Have a farm house thats a rental and small heifer barn less than 25 head . It has a 25, hand dug well and in 1958 the drilled and cased 25 more feet same well. Water quality nitrate and E.coli near perfect. Problem is acidic water chews threw a pex fitting in 2 to 3 years. They say i can install equipment to take care of problem or drill a new well . . . Any thoughts.


----------



## paoutdoorsman (Apr 23, 2016)

How expensive is the equipment, and what annual maintenance is required on it? Wouldn't a new well potentially tap the same source and have the same acidity?


----------



## Ranger518 (Aug 6, 2016)

I’m guessing it is rotting out the brass fittings. Can you not just use plastic pex fittings and or switch over to all pvc and pvc valves?


----------



## PaulN (Mar 4, 2014)

What kind of equipment are we talking about?


----------



## endrow (Dec 15, 2011)

PaulN said:


> What kind of equipment are we talking about?


Acid Neutralizer looks like a water softner but uses something different than salt


----------



## slowzuki (Mar 8, 2011)

Probably a neutralizer or a phosphate treater. Plastic pex fittings probably the cheapest answer. Edit ok see the reply there now.


----------



## endrow (Dec 15, 2011)

paoutdoorsman said:


> How expensive is the equipment, and what annual maintenance is required on it? Wouldn't a new well potentially tap the same source and have the same acidity?


They say the large diameter hand dug wells lined with limestone rock are the problem. They say a new well would not .


----------



## endrow (Dec 15, 2011)

slowzuki said:


> Probably a neutralizer or a phosphate treater. Plastic pex fittings probably the cheapest answer. Edit ok see the reply there now.

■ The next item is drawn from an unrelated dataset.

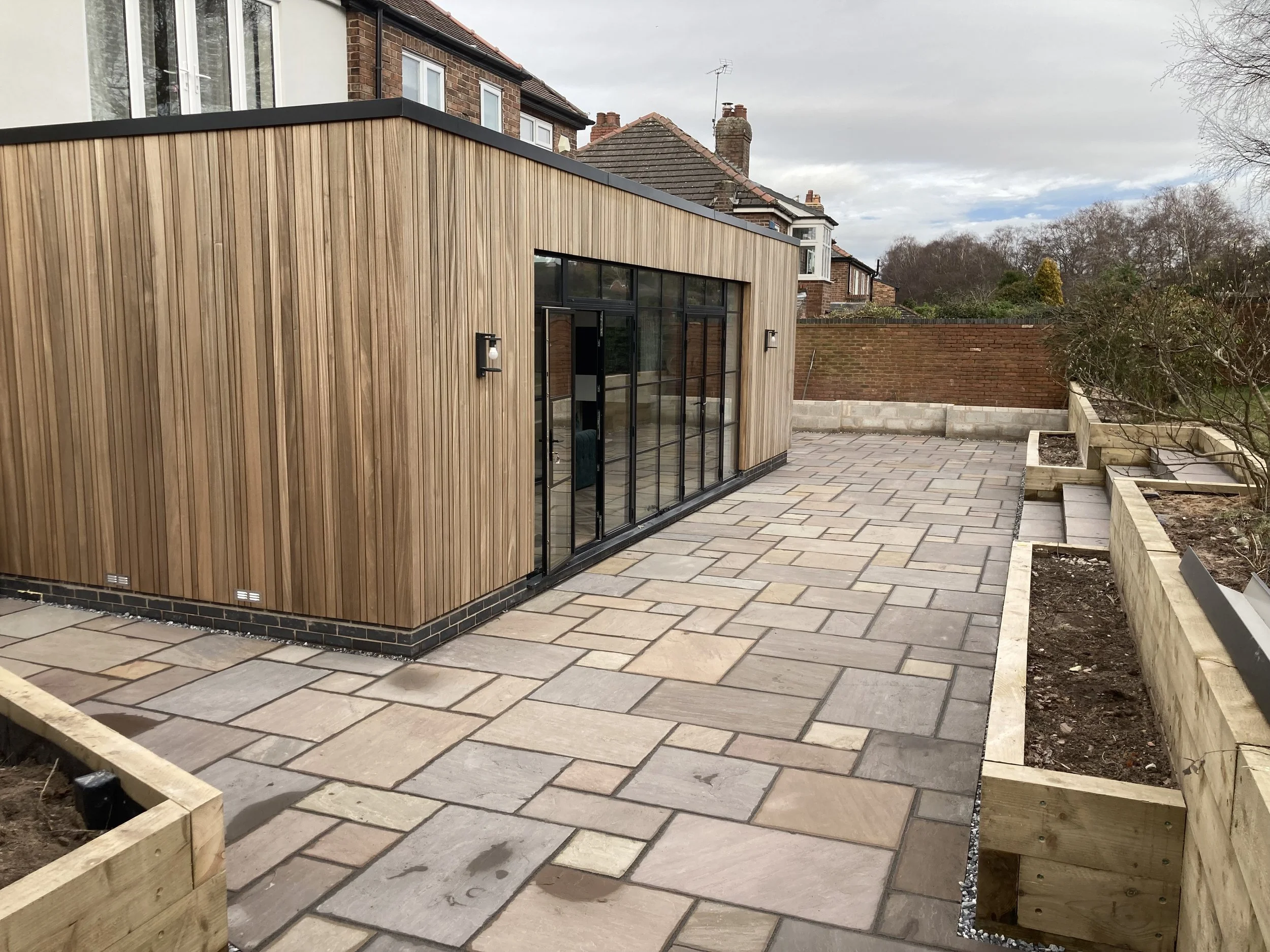 Inside, we designed a spacious open-plan kitchen, dining, and living area— perfect for a contemporary family life. Floor-to-ceiling windows fill the space with natural light, enhancing the warm, open feel of the new extension.

What is a phosphate treater


----------



## CowboyRam (Dec 13, 2015)

I think I would do a cost analyst for both, and see what it is going to cost your say over the next twenty years. To treat the water I would bet there is some sort of consumable that you are going to have buy besides the equipment. In the long run it may be cheaper to drill a new well. Oh and don't forget normal maintenance.


----------